*** PROVIDED DATA Section Begins ***

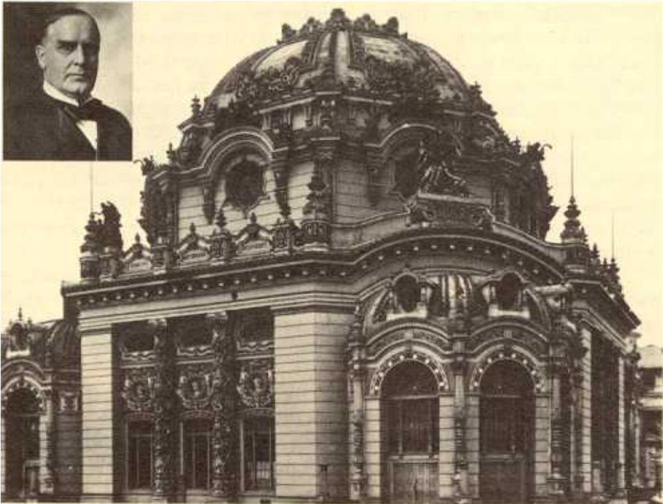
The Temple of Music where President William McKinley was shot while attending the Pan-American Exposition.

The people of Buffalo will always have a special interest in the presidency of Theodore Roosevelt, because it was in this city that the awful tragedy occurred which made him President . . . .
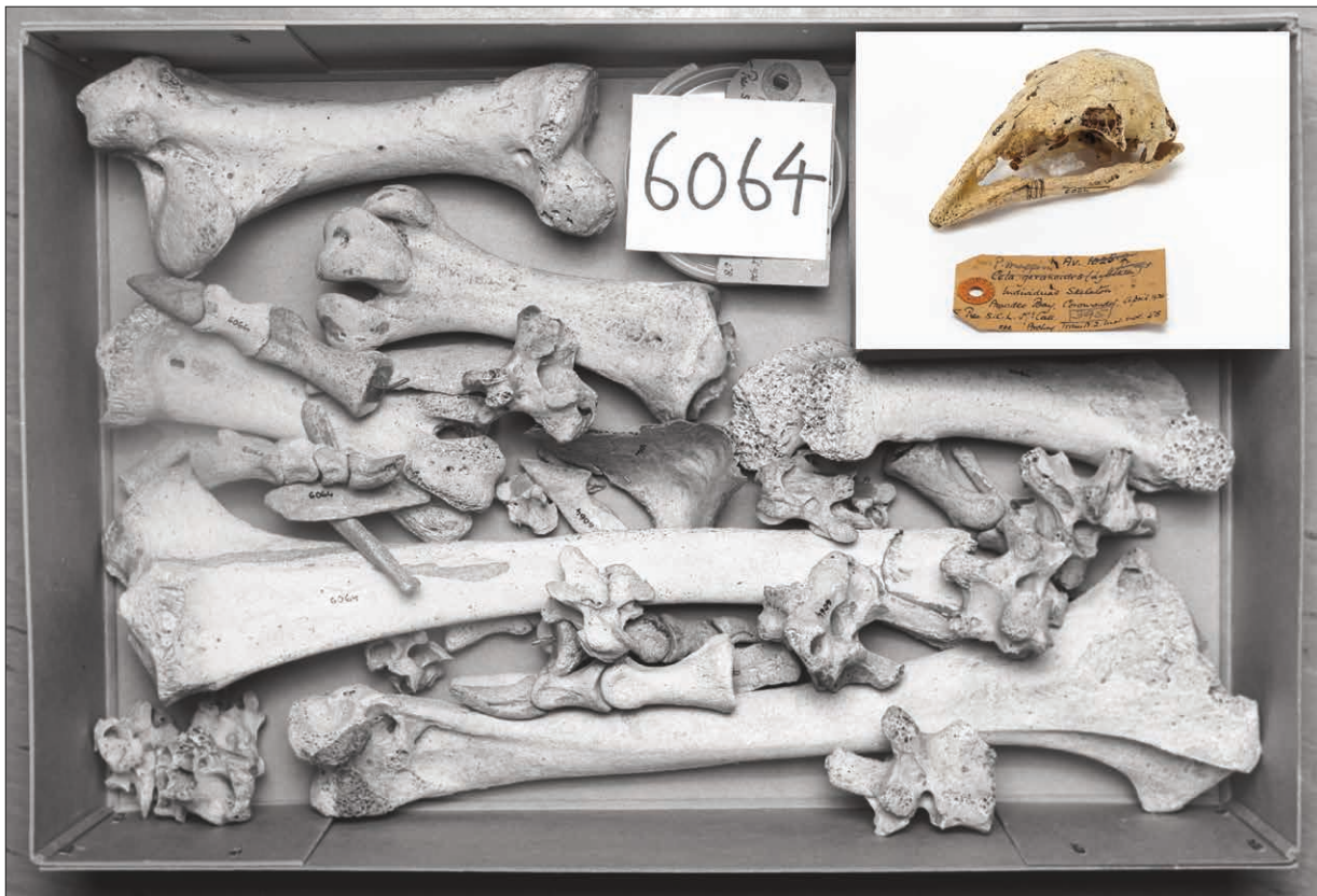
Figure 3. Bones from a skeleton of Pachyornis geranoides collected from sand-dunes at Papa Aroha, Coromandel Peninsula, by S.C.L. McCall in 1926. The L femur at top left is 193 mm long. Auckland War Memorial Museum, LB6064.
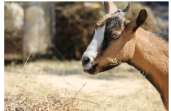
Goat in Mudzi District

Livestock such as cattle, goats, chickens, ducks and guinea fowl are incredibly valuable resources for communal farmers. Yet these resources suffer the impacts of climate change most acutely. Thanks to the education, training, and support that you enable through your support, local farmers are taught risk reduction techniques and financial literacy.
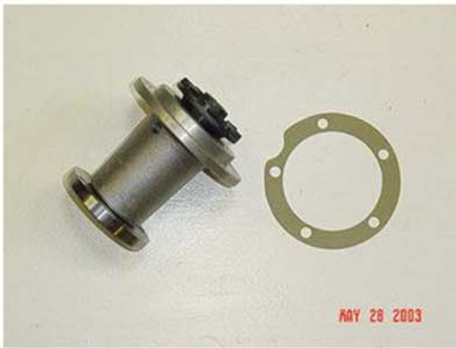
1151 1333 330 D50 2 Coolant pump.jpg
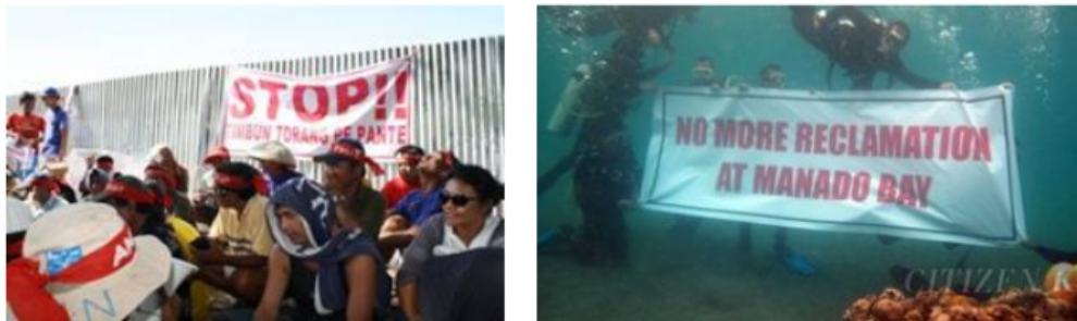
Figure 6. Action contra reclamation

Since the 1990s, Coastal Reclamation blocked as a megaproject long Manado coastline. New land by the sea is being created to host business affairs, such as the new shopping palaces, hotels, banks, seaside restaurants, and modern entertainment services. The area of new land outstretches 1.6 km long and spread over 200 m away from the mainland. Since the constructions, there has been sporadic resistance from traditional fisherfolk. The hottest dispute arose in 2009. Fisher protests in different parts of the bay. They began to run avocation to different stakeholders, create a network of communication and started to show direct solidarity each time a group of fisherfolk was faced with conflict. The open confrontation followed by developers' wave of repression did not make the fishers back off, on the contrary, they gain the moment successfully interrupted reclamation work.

*** PROVIDED DATA Section Ends ***

WHAT THE EXERCISE ASKS:
Only the lines from the one bearing "Figure 6. Action contra reclamation" to the end of the material belong in the answer; set them down verbatim.

EXERCISE RESULT:
Figure 6. Action contra reclamation

Since the 1990s, Coastal Reclamation blocked as a megaproject long Manado coastline. New land by the sea is being created to host business affairs, such as the new shopping palaces, hotels, banks, seaside restaurants, and modern entertainment services. The area of new land outstretches 1.6 km long and spread over 200 m away from the mainland. Since the constructions, there has been sporadic resistance from traditional fisherfolk. The hottest dispute arose in 2009. Fisher protests in different parts of the bay. They began to run avocation to different stakeholders, create a network of communication and started to show direct solidarity each time a group of fisherfolk was faced with conflict. The open confrontation followed by developers' wave of repression did not make the fishers back off, on the contrary, they gain the moment successfully interrupted reclamation work.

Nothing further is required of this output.